_DESCRIPTION OF THE TASK_
Exact copies of the lines below are the goal; any images in them are dropped.

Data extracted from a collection
------------
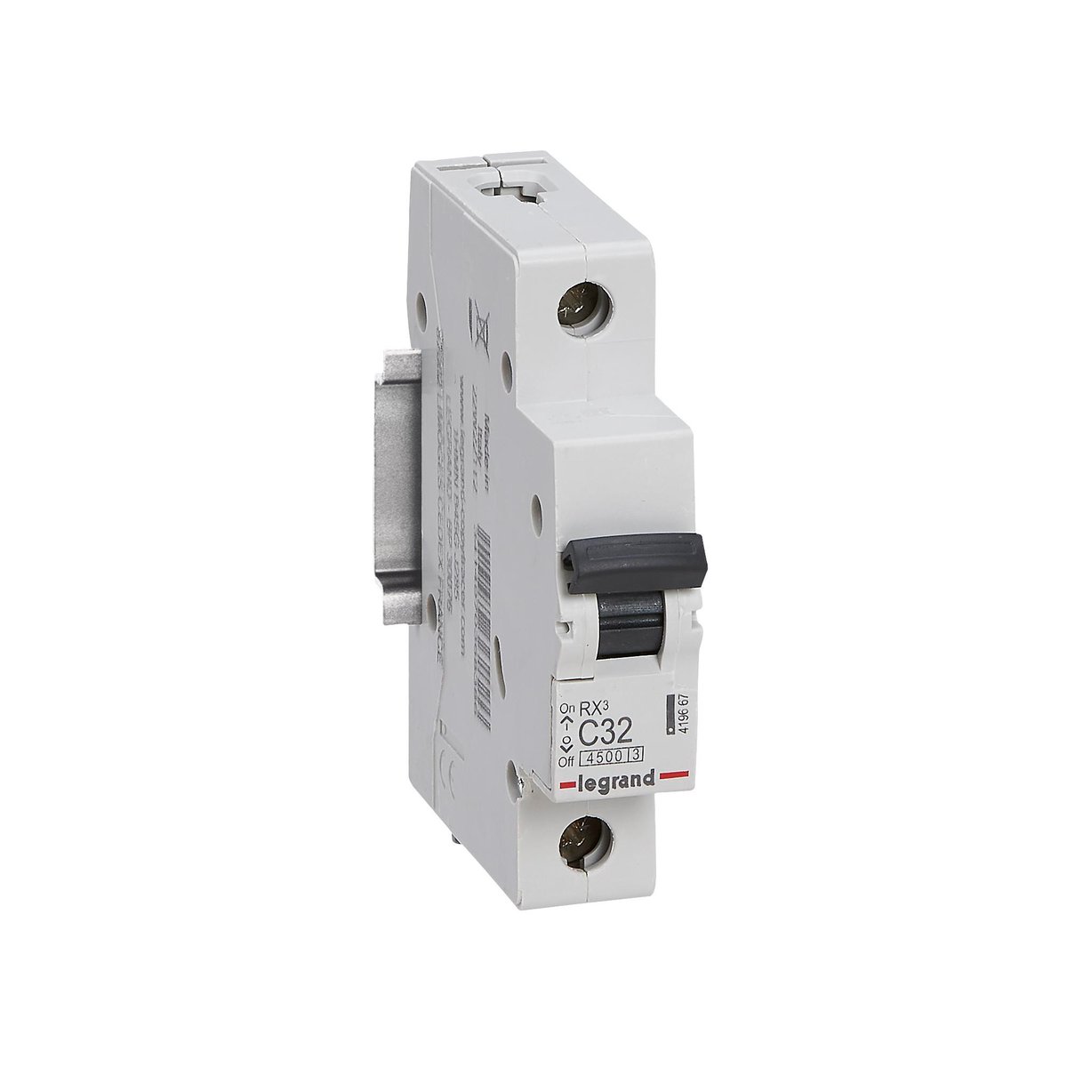 RX3 MCB automatsikring til termisk beskyttelse af installationer. Maks. kortslutningsstrøm på 6000A. C32, 1-polet, 1M, 4500A.
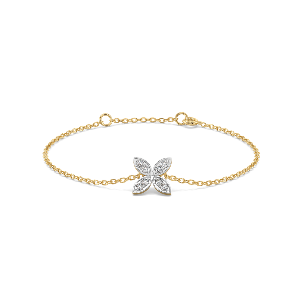 Daffodil Flora is a pure gold lab diamond fashion bracelet inspired by the gentle elegance of blooming petals. Handcrafted in BIS-hallmarked 14k pure gold, it features SGL-certified lab-grown diamonds arranged in a graceful floral pattern, capturing nature’s delicate charm in every curve.
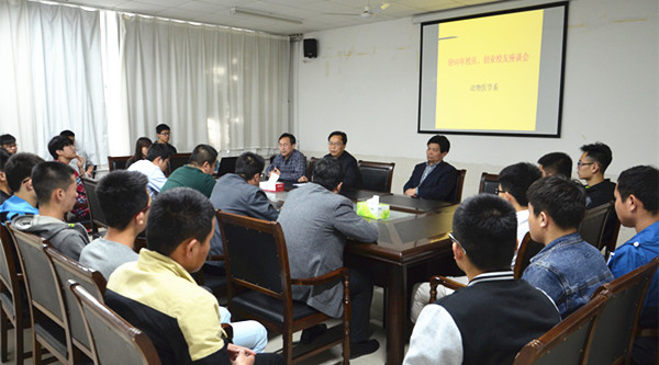 4月18日,动物医学系在动物疾病检测中心会议室举办了“迎校庆60年、创业校友座谈会”,动物医学系领导、教师代表、学生会干部及来自8个企业的创业校友参加了座谈会。
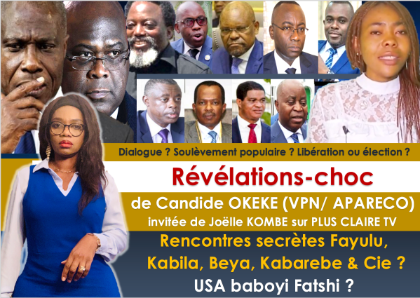 VIDEO/ Révélations-choc de Candide OKEKE (VPN/APARECO) invitée de Joëlle KOMBE sur PLUS CLAIRE TV Rencontres secrètes Fayulu, Kabila, Beya, Kabarebe & Cie ? USA baboyi Fatshi ? Dialogue ? Soulèvement populaire ? Libération ou élection ? https://youtu.be/Mal7hvaKjBI
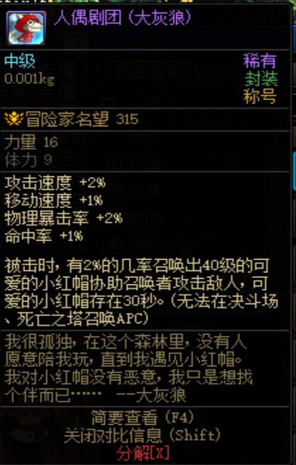 DNF2010年劳动节称号 人偶剧团 大灰狼
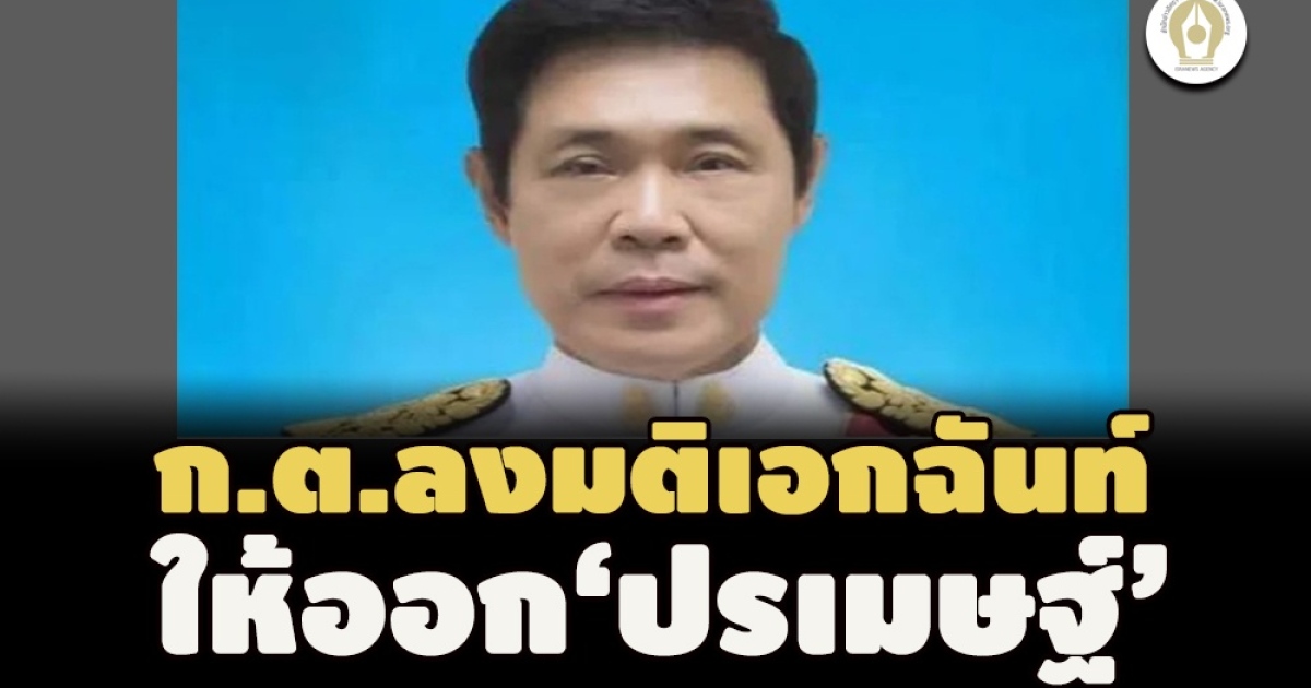 ก.ต.ลงมติเอกฉันท์ให้ออก ‘ปรเมษฐ์ โตวิวัฒน์' อดีต อธ.ศาลคดีทุจริตฯภาค 1 กรณีแทรกแซงการพิจารณาคดี 'ประหยัด พวงจำปา' ยื่นฟ้อง พล.ต.อ.วัชรพล ประสานราชกิจ ปธ.ป.ป.ช. สุภา ปิยะจิตติ อดีตอสส. เผยสมควรโดนปลดออก แต่ประกอบคุณงามความดีเลยลดโทษให้
------------
_TASK RESPONSE_
 RX3 MCB automatsikring til termisk beskyttelse af installationer. Maks. kortslutningsstrøm på 6000A. C32, 1-polet, 1M, 4500A.
 Daffodil Flora is a pure gold lab diamond fashion bracelet inspired by the gentle elegance of blooming petals. Handcrafted in BIS-hallmarked 14k pure gold, it features SGL-certified lab-grown diamonds arranged in a graceful floral pattern, capturing nature’s delicate charm in every curve.
 4月18日,动物医学系在动物疾病检测中心会议室举办了“迎校庆60年、创业校友座谈会”,动物医学系领导、教师代表、学生会干部及来自8个企业的创业校友参加了座谈会。
 VIDEO/ Révélations-choc de Candide OKEKE (VPN/APARECO) invitée de Joëlle KOMBE sur PLUS CLAIRE TV Rencontres secrètes Fayulu, Kabila, Beya, Kabarebe & Cie ? USA baboyi Fatshi ? Dialogue ? Soulèvement populaire ? Libération ou élection ? https://youtu.be/Mal7hvaKjBI
 DNF2010年劳动节称号 人偶剧团 大灰狼
 ก.ต.ลงมติเอกฉันท์ให้ออก ‘ปรเมษฐ์ โตวิวัฒน์' อดีต อธ.ศาลคดีทุจริตฯภาค 1 กรณีแทรกแซงการพิจารณาคดี 'ประหยัด พวงจำปา' ยื่นฟ้อง พล.ต.อ.วัชรพล ประสานราชกิจ ปธ.ป.ป.ช. สุภา ปิยะจิตติ อดีตอสส. เผยสมควรโดนปลดออก แต่ประกอบคุณงามความดีเลยลดโทษให้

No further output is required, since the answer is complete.